* **YOUR TASK**
Exactly as they appear below, repeat the lines from the one with "ボリュームスリーブにタックをたっぷり入れた袖口がアクセント。" through the one with "누가 사용하더라도 회의 전환과 화면 공유가 끊기지 않도록 구성합니다.". Drop every picture.

BEGIN

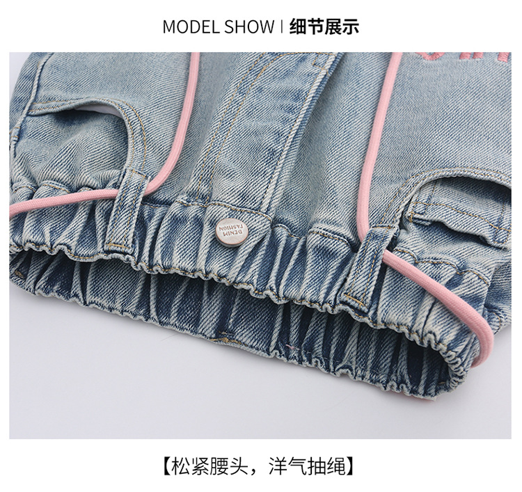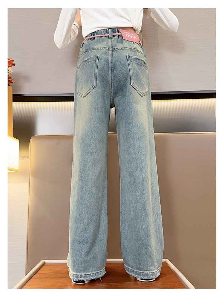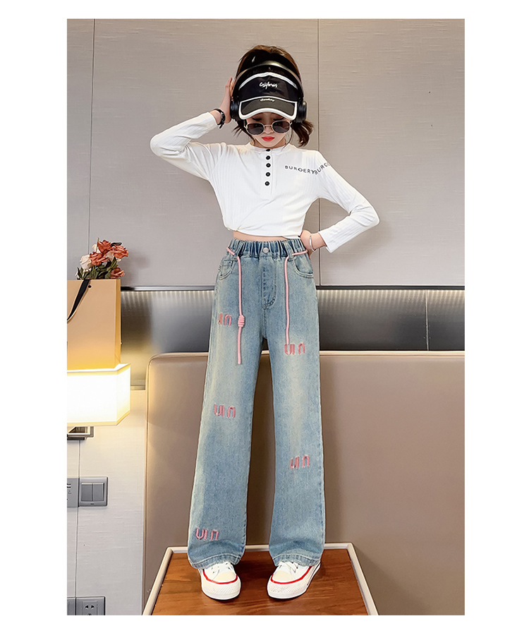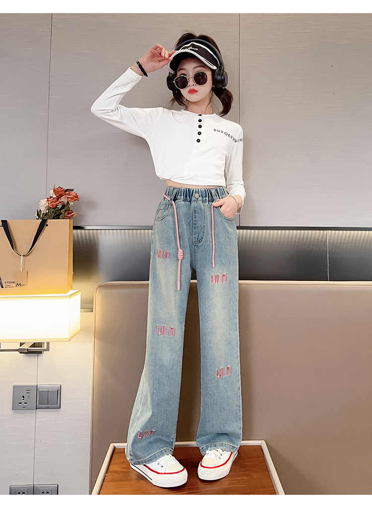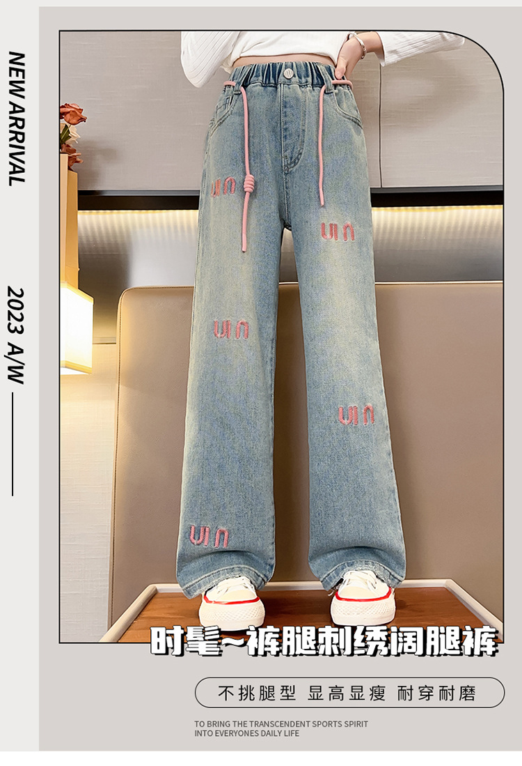 소녀의 봄 자수 편지 청바지 2024 새로운 중형 및 대형 어린이 서양식 캐주얼 와이드 레그 팬츠 롱 팬츠 패션스토어 가기
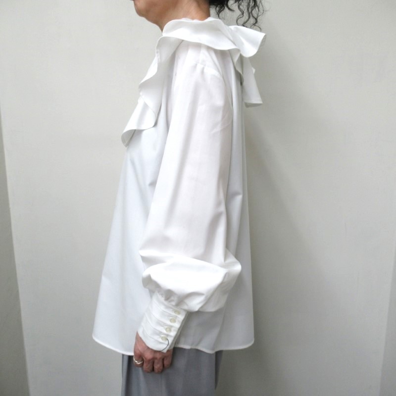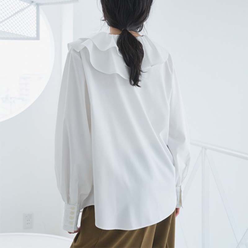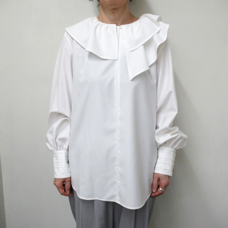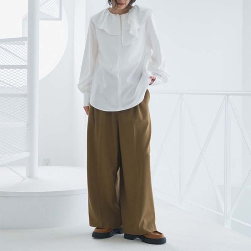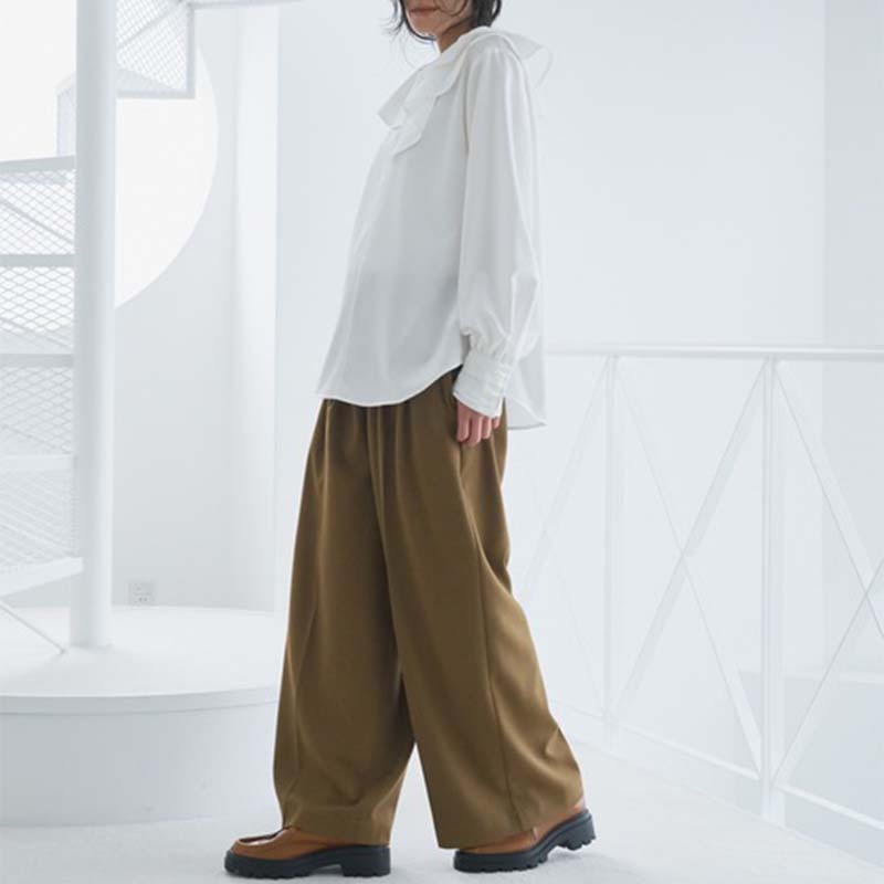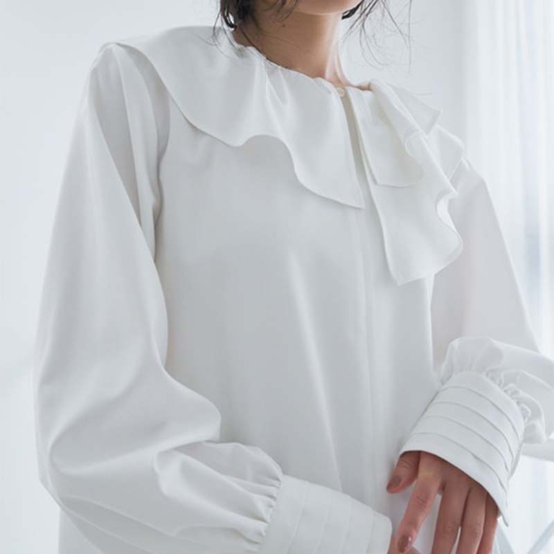 ボリュームスリーブにタックをたっぷり入れた袖口がアクセント。
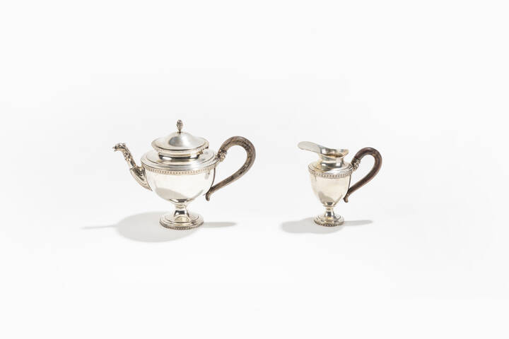composto da lattiera e teiera, Decorati da motivi a palmette, poggianti su basi circolari; manici in legno
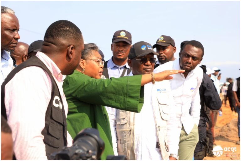 Sur la route du Littoral de Banana, La Cheffe du Gouvernement et sa désagation at reçu des détails sur la lutte mené par l’acgt contre l’Érosion Côtiere, Grâce aux fins de la société de geste de péage au congo.
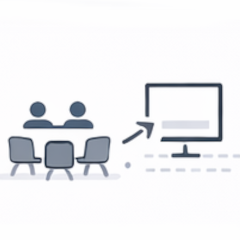 누가 사용하더라도 회의 전환과 화면 공유가 끊기지 않도록 구성합니다.
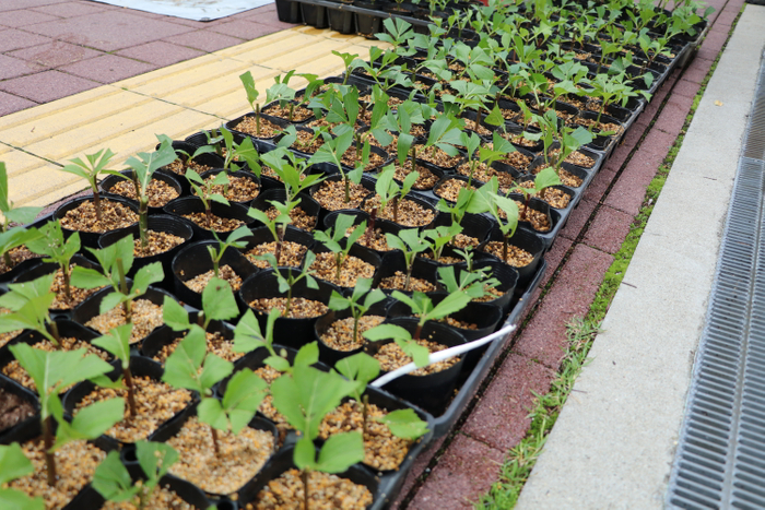 7月9日(日)には、本年5月21日(日)に立命館大学衣笠キャンパスで「挿し芽」(さしめ。苗を育苗ポットに分けて増やす作業)を行い作った育苗ポット600個の苗を、嵐電の10駅へ植栽します。
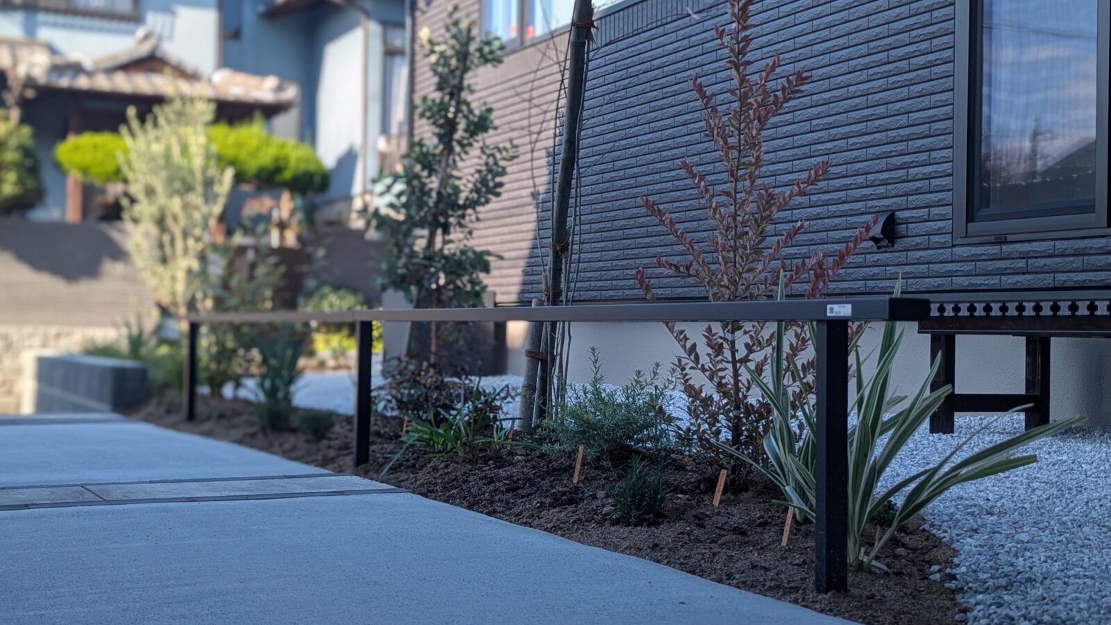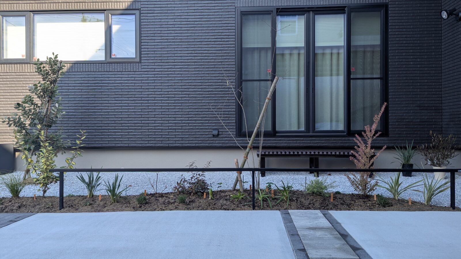 Y様よりいただいたご要望は「建物全体と調和するお庭」と「スロープを登るにつれて、植栽を楽しめる空間」。派手さよりも、長く付き合える落ち着いた外構を目指し、打ち合わせを重ね、プランを固めていきました。
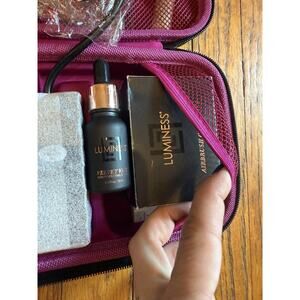 Includes: Original Luminess branded hard carrying case, airbrush compressor (sealed in plastic), rose gold stylus (cleaned, with 'Clean Stylus After Each Use' label), power cord, user guide and 'Learn to Airbrush' Getting Started DVD, 0.5 fl oz Velvet Veil Skin Perfecting Serum, additional boxed Luminess airbrush item (contents unopened), and foam protector insert.
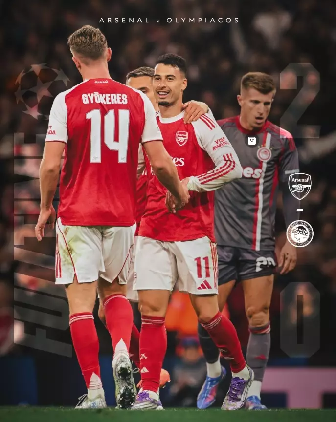 英超阿仙奴2:0擊敗奧林比亞高斯。FB圖片@Arsenal
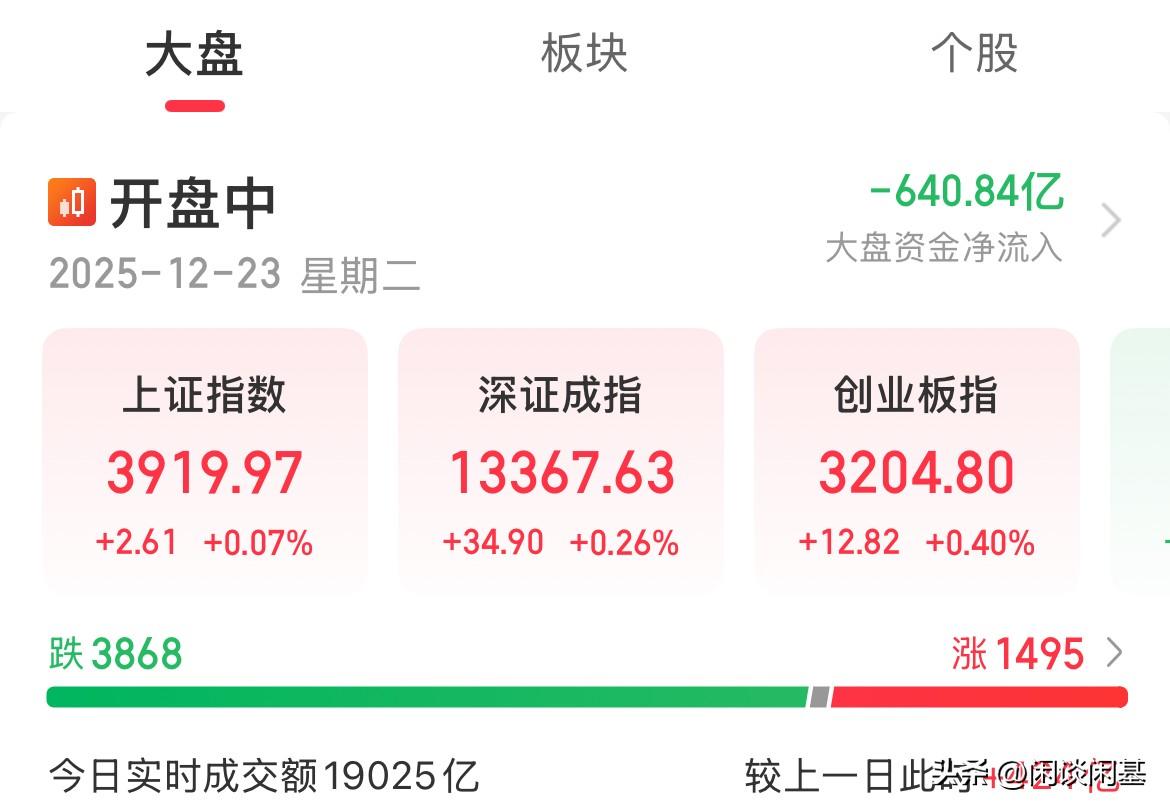 1.9万亿,放量200多亿,指数尾盘回升,集体收涨,上证五连涨,创业板涨幅0.4%,寒武纪大涨超4% 指数尾盘回收,算是连涨两日了,上证也走出了5连涨的节奏了,能不能站稳3900点了,还得看科技, 消息说光刻机的事,半导体设备算是连涨两天了,新能源今天涨超1%,主要带头大哥宁德时代涨幅1.68%,说要投资新的能源公司, 军工板块今天领跌超2%,信创、机器人跌幅超1%,商业航天跌幅1.75%,消息称回收火箭未取得预期成效,涨多自然要调整一下, 离2026年也近了,没有几个交易日了,希望能有个好成绩啊。
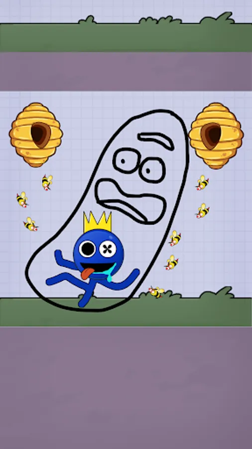1. Draw a line to save your rainbow monster from the bees to win the game. You can draw any shape as long as you can Save the Rainbow Blue Monster.
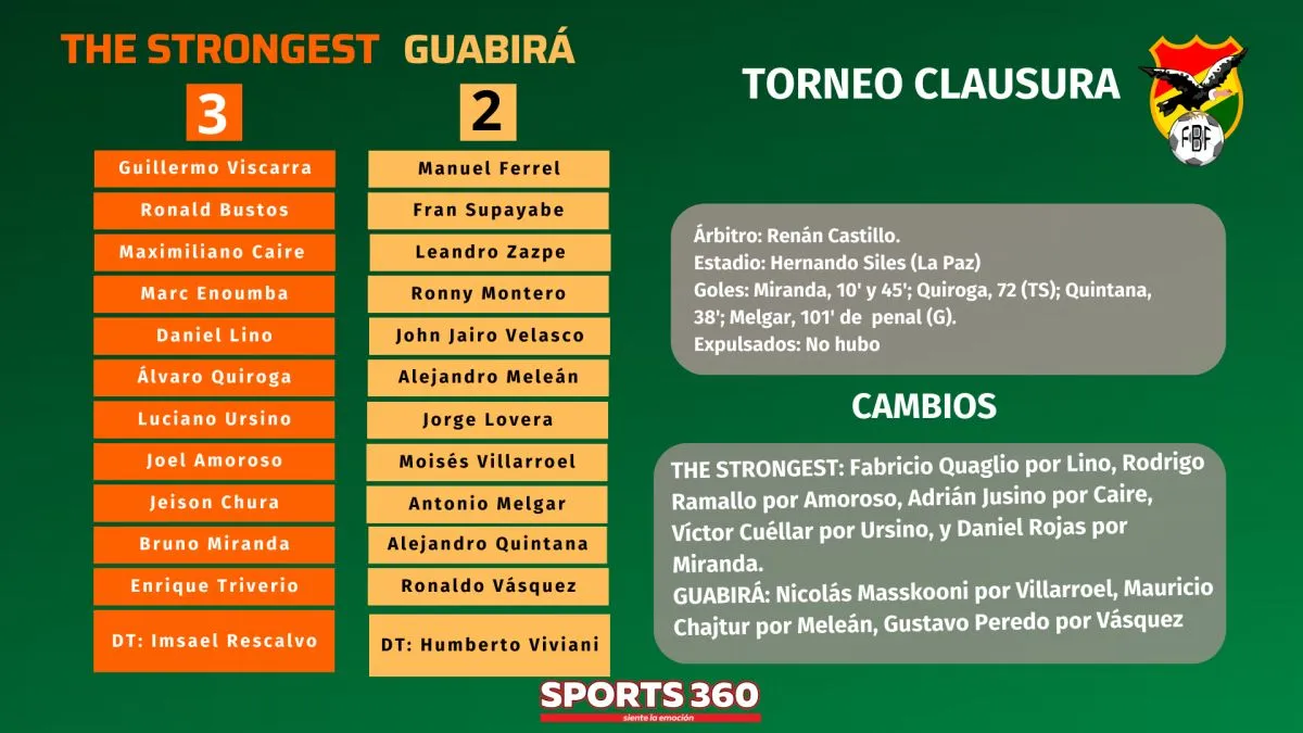 The Strongest derrotó a Guabirá 3-2 este jueves en el estadio Hernando Siles, por la tercera jornada del Torneo Clausura de la División Profesional, en un partido en el que el marcador estrecho no refleja lo que sucedió en el juego

END

* **WRITTEN SOLUTION**
 ボリュームスリーブにタックをたっぷり入れた袖口がアクセント。
composto da lattiera e teiera, Decorati da motivi a palmette, poggianti su basi circolari; manici in legno
 Sur la route du Littoral de Banana, La Cheffe du Gouvernement et sa désagation at reçu des détails sur la lutte mené par l’acgt contre l’Érosion Côtiere, Grâce aux fins de la société de geste de péage au congo.
 누가 사용하더라도 회의 전환과 화면 공유가 끊기지 않도록 구성합니다.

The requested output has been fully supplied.